The point here is that Markdown is a nice, simple format for writing text. But when you want to write R code, you need to designate a “code chunk”, using the following symbols (these are only visible in the raw .Rmd file):

The symbol that starts and ends chunks is called a “backtick” symbol, or sometimes a “grave accent”, and it’s the character you get from the key just to the left of the “1” key (at least on a standard English-language keyboard). Three of those backtick symbols starts the code chunk, and another three end it. Finally, on the first line, just after the opening three backticks, you use curly braces with the name of the language, in this case you use a lower-case r. Inside those curly braces, you can also put options that change how the chunk behaves, but we’ll get to those another time.

So you want to run R code inside an R Markdown file or R Notebook, you just make a code chunk and write your code on the lines between the backticks. All of the text inside the code chunk is treated as R code, and it runs just as if you were working with that code inside a plan .R file. For example, the following chunk will perform a calculation.

(4 + 10) * 3
[1] 42

In RStudio, there are a few different ways to run the code in a chunk. If you want to run ALL the code in a chunk, there is a little green “play” arrow in the upper right of the chunk itself. This will run every line of code in the chunk, one line after another, immediately and without stopping.

If you just want to run one line at a time (which I personally find very useful), just put your cursor on the line you want to run (anywhere is fine), hold the Ctrl key (on Windows) or Command key (on Mac), and hit Enter. The cursor will also skip down to the next line, so you can just hold Ctrl/Command and hit Enter repeatedly to run multiple lines.

I will show you a few more tips about using R Markdown/Notebooks in RStudio, in a separate video file, because it’s just easier to show you some things than to try to describe it all in text. But the basic idea is to:

  • Put your R code into “chunks” (and if you don’t want to type the characters to make the chunk, you can use the menu option Code > Insert Chunk, or the keyboard shortcut).
  • Run your R code when you want to.
  • Type outside the chunk using standard Markdown formatted-text.

The advantage of this kind of file is being able to have both R code as well as other lightly-formatted text in the same document, which you can export to multiple formats as output.

Objects, variables, and assignment

Okay, back to the basics of using R. So far, we have only learned that we can execute mathematical expressions and get back a result.

But what if we want to “save” a value and recall it later? That’s what variables are for. Note this is not a variable in the statistics sense, this is a variable in the computer-programming sense. In this sense, variable just means “name for an object held in memory”.

In order to hold a value in memory, you have to assign that value to a variable name, which in turn creates an object in memory. So there are three things that are intrinsically connected: a value that you get by evaluating some R code, the object that represents that value in memory, and a variable name that gives you a way to refer to that object.

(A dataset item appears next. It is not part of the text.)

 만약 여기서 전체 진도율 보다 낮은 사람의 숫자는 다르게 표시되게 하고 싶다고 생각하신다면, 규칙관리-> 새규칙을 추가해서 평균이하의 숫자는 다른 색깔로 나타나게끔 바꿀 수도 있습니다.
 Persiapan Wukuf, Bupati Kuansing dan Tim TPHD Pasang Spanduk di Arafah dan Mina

Let’s walk through these concepts with our simple math example. Let’s say I want to take the calculation I did above and assign it to a variable.

my_result <- (4 + 10) * 3

If you run this code, it may look like nothing happened, but actually what happened was that R evaluated the expression (4 + 10) * 3, assigned the resulting value to an object, using the assignment operator which is intended to look like an arrow (<-), and gave that object the variable name my_result. Now that we’ve done that, we don’t have to keep making the same calculation over and over, since we have the resulting object stored, and we can refer to it by name.

If we want to inspect the object named my_result, we can do a few things. We can use the function class (more on functions shortly) to see what type of object it is, and we can use the print function to print the result out:

class(my_result)
[1] "numeric"
print(my_result)
[1] 42

Try running each of these. The result of the first one is to tell us that it’s a “numeric” type object (meaning it will behave like a number), and the second prints out the actual value of the calculation, 42.

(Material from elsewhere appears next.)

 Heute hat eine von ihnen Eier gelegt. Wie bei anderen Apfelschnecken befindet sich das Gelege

In order to assign a value to a variable, you use the special assignment operator, which in R is the <- symbol (a less-than sign followed by a dash), which is supposed to look like a left-pointing arrow. The idea is to make you think of the value on the right “going into” the new variable on the left.

If you want to change the value of that variable, you can just assign it a new value:

my_result <- 87 + 2^4
print(my_result)
[1] 103

When you just start programming, it may be tempting to use overly simple variable names, especially if you are learning from examples that use variable names like x or my_result. But it’s really helpful to spend a little energy thinking of good variable names. Please don’t be that person who names every data frame “data” or “mydata” or “df”. My example above is just that kind of mistake, but in this case, it’s because the code doesn’t mean anything.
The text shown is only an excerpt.